■ **RECORDS SUPPLIED**:
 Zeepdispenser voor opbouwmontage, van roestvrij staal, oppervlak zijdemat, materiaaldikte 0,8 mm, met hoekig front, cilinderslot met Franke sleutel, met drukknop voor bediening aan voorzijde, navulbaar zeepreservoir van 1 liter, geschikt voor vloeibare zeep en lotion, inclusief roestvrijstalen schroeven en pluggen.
==
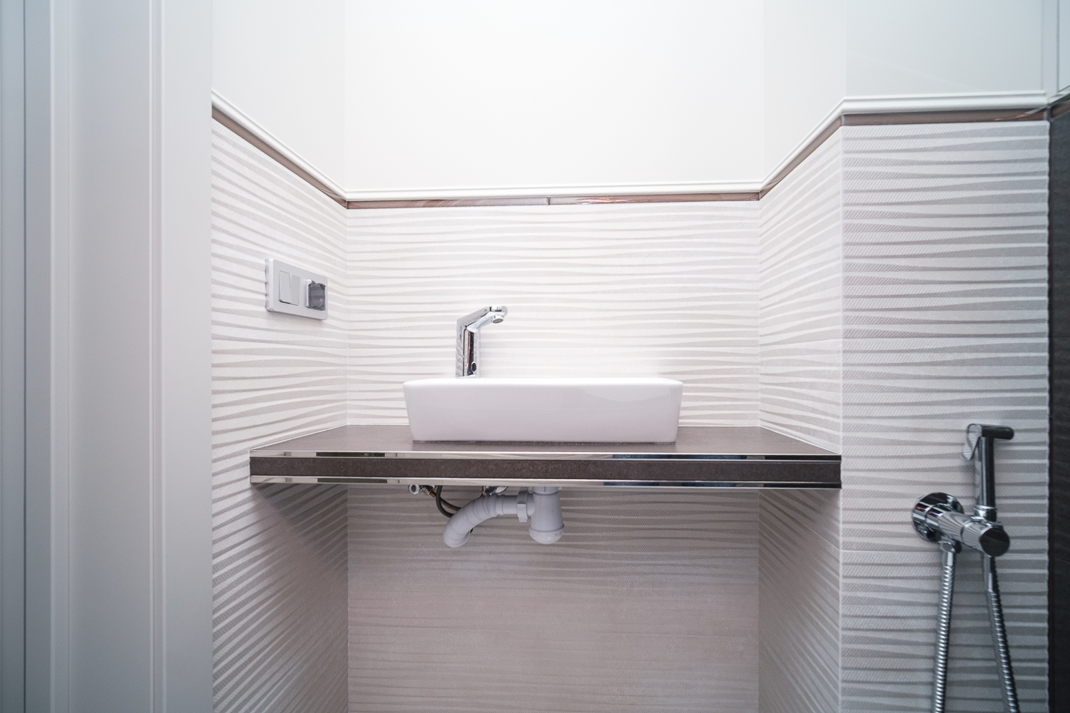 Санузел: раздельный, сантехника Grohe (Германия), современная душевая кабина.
...
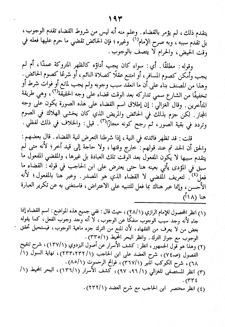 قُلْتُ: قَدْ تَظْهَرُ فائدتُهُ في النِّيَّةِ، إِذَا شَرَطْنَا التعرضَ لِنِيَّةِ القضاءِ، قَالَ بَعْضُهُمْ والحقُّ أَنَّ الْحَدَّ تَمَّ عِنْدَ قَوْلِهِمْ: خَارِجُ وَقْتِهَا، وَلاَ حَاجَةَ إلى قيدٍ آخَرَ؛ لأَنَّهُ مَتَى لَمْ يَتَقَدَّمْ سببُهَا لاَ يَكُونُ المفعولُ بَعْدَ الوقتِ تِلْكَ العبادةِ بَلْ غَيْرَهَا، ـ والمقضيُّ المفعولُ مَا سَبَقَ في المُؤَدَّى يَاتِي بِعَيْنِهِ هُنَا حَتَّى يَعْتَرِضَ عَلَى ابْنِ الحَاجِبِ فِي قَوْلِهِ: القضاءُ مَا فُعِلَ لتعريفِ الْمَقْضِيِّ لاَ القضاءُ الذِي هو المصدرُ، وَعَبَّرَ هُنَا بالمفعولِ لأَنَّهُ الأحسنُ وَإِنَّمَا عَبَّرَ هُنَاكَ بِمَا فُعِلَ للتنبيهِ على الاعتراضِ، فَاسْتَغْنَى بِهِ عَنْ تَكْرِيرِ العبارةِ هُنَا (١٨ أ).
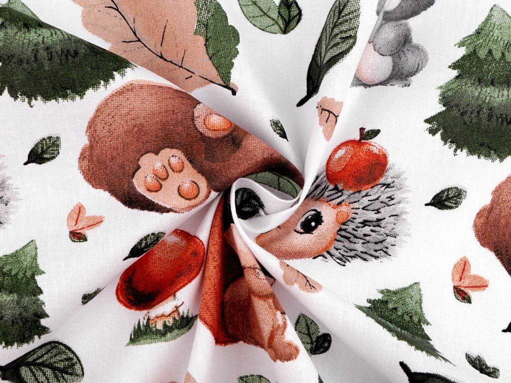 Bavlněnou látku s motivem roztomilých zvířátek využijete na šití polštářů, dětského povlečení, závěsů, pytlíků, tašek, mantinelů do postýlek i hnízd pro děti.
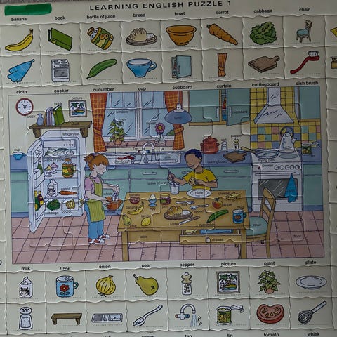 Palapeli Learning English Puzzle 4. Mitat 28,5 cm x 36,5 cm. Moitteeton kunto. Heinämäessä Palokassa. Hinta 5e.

■ **PROBLEM DESCRIPTION**: Above this task is a listing with pictures in it. Retype only the lines from the one containing "قُلْتُ: قَدْ تَظْهَرُ" through the one containing "Palapeli Learning English", both included, and not the pictures.

■ **ANSWER FOR THE TASK**:
 قُلْتُ: قَدْ تَظْهَرُ فائدتُهُ في النِّيَّةِ، إِذَا شَرَطْنَا التعرضَ لِنِيَّةِ القضاءِ، قَالَ بَعْضُهُمْ والحقُّ أَنَّ الْحَدَّ تَمَّ عِنْدَ قَوْلِهِمْ: خَارِجُ وَقْتِهَا، وَلاَ حَاجَةَ إلى قيدٍ آخَرَ؛ لأَنَّهُ مَتَى لَمْ يَتَقَدَّمْ سببُهَا لاَ يَكُونُ المفعولُ بَعْدَ الوقتِ تِلْكَ العبادةِ بَلْ غَيْرَهَا، ـ والمقضيُّ المفعولُ مَا سَبَقَ في المُؤَدَّى يَاتِي بِعَيْنِهِ هُنَا حَتَّى يَعْتَرِضَ عَلَى ابْنِ الحَاجِبِ فِي قَوْلِهِ: القضاءُ مَا فُعِلَ لتعريفِ الْمَقْضِيِّ لاَ القضاءُ الذِي هو المصدرُ، وَعَبَّرَ هُنَا بالمفعولِ لأَنَّهُ الأحسنُ وَإِنَّمَا عَبَّرَ هُنَاكَ بِمَا فُعِلَ للتنبيهِ على الاعتراضِ، فَاسْتَغْنَى بِهِ عَنْ تَكْرِيرِ العبارةِ هُنَا (١٨ أ).
 Bavlněnou látku s motivem roztomilých zvířátek využijete na šití polštářů, dětského povlečení, závěsů, pytlíků, tašek, mantinelů do postýlek i hnízd pro děti.
 Palapeli Learning English Puzzle 4. Mitat 28,5 cm x 36,5 cm. Moitteeton kunto. Heinämäessä Palokassa. Hinta 5e.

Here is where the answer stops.